What is apparent as one surveys the global scene today is that the number and variety of terror groups is larger and more widespread than at any time previously. Ideology remains the main source of violent extremism. When intertwined with religious extremism, it becomes an even more potent mixture. Behavioural patterns contribute to escalation, from grievance redress to mobilisation, and on to violent extremism.
The Islamic State
Consequently, any premature celebrations of the so-called destruction of the Islamic State (IS) ‘Caliphate’ would be uncalled for. IS stormtroopers have moved from strongholds in Syria and Iraq to countries across Europe, Asia and Africa. Many regional franchises linking individual IS and al-Qaeda groups are already in the works.
As the IS lost ground in Syria and Iraq, parts of Africa became the new battleground. More than a dozen African countries across two broad belts of Africa — from Somalia and Kenya in the east through Nigeria, Niger, Mali, Burkina Faso and Senegal in the west — are facing a wave of Islamist terrorism. During the past two years, unverified reports indicate the deaths of more than 10,000, and the battle continues in unrelenting fashion.
Boko Haram, a one-time affiliate of the IS, has been even more sanguinary than the IS or al-Qaeda. Al-Shabab in Somalia, the Jama’at Nusrat al-Islam wal Muslimeen in Mali, and several others continue to thrive in parts of Africa.
Afghanistan is the other main epicentre of radicalised Islamist terror. The years 2017 and 2018 have been particularly bad in terms of the number of terror attacks and casualties resulting from these attacks. In a single month in January this year, terrorists belonging to disparate terror organisations, including the IS, carried out four major terror attacks, killing over 160 people. In succeeding months, there have been several similar attacks, leading to the deaths of many more civilians and soldiers. Killings have been indiscriminate and a majority feature suicide bombers. Targets tend to be indiscriminate; in a recent suicide attack, the target was a convoy of Sikhs and Hindus on their way to meet the President of Afghanistan in Jalalabad city in which at least 19 persons were killed.

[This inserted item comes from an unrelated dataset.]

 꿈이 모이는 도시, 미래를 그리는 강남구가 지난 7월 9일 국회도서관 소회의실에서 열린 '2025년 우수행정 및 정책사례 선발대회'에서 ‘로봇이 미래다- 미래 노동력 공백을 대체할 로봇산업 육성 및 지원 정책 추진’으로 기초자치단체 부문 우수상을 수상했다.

Given the climate of violence, and the determination of radical groups to wage war, India cannot afford to be oblivious to what is happening around us. It cannot afford the luxury of amnesia, given the kind of terror threats that we faced in the past.
The ‘Khalistan’ revival
Very recently, we have seen a manifest attempt by Sikh extremist groups residing in Canada and the U.S. to revive the demand for Khalistan and of self-determination for Sikhs. They have the backing of sections of the Sikh community in the U.K. as well. As a result, a fresh wave of Sikh radicalisation is beginning to be seen in quite a few Western nations.

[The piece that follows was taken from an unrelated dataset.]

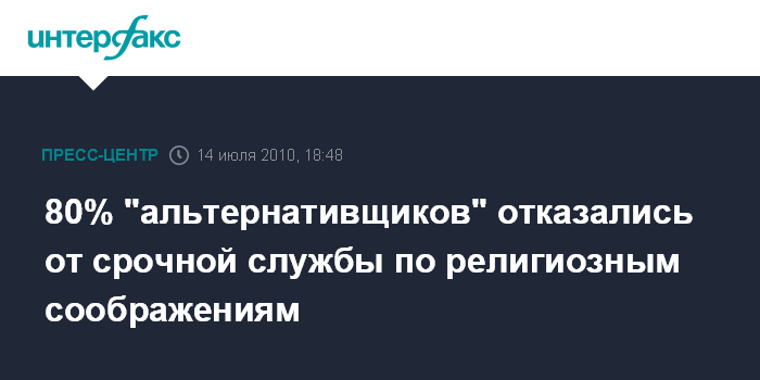 80% "альтернативщиков" отказались от срочной службы по религиозным соображениям

The August 12 pro-Khalistan rally in London, sponsored by a body styling itself as ‘Sikhs for Justice’ based in the U.S. has the backing of the U.K.-based Khalistan Sikh Federation and the Dal Khalsa. It is the clearest sign yet of the resurgence of pro-Khalistan sentiments. The August event has come in the wake of pro-Khalistani activists ripping off the Indian flag in Parliament Square, London during the Indian Prime Minister’s visit earlier this year. A revitalised movement for a separate Sikh state can cause problems within India, sooner rather than later.

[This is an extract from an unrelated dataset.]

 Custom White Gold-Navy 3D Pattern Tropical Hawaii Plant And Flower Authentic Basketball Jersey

India is currently preoccupied with terror attacks from Pakistan, and the role of organisations such as the Jaish-e-Mohammed (JeM) and the Lashkar-e-Taiba (LeT) in sponsoring terror attacks from across the border. Notwithstanding this, India must not be oblivious to attacks from other radical Islamist sources. According to reports, both the IS and al-Qaeda are engaged in a fierce competition to enlarge their activities in India. There are also attempts being made to secure more recruits from India. The territorial demise of the IS in Syria and Iraq is likely to exacerbate insurgencies elsewhere, as was witnessed after the ‘Afghan Jihad’ in the 1980s and 1990s. Militants fleeing the ‘Caliphate’ could enlarge the ranks of those already present. As it is, there are reports from many nations in the West of stray attacks by returning IS recruits from the Syrian and Iraqi battlefields — in cities as far apart as London, Toronto and Paris.
It is important to appreciate the fact that the strength of Islamist terror groups, and especially that of the IS, lies not only in their military capabilities but more in their ideology and propaganda. Jihad and martyrdom continue to influence young Muslims to join their fold. So-called polarisation and the plight of religious minorities present them opportunities as well as soft targets.
No time for complacency
The enduring message is that the ideological battle against religiously-oriented terror groups like the IS is far from over. No shortcuts are available as of now. Above all, India must realise that some of the world’s top 10 most wanted terrorists are located in its vicinity (the Haqqani brothers, LeT Chief Hafiz Saeed, JeM leader Masood Azhar and Zaki-ur Rehman Lakhvi). India, hence, cannot afford to be complacent.
M.K. Narayanan is a former National Security Adviser and a former Governor of West Bengal
A brief history of the rupee
As the currency trades at around 70 to the dollar, a recap of its revaluation soon after Independence
The rupee’s depreciation to more than 70 to a dollar just ahead of Independence Day led to historical comparisons of the value of the rupee. These can be misleading, as political freedom did not automatically result in India’s monetary independence in 1947. The rupee’s association with Britain was prolonged by factors beyond India’s control.
On a sterling standard 1931 onwards, the rupee, linked to a depreciating currency, depreciated along with the sterling.
War distortions
Britain (and France) declared war on Germany in 1939. In preparation, India’s economy was geared up by the colonial government towards the war effort through imposition of controls. The first was the exchange control. Completely convertible into any currency until then, the rupee was made inconvertible. Transferring money outside the sterling area required permission under rules that were laid down in London. The maze of controls grew as the war went on.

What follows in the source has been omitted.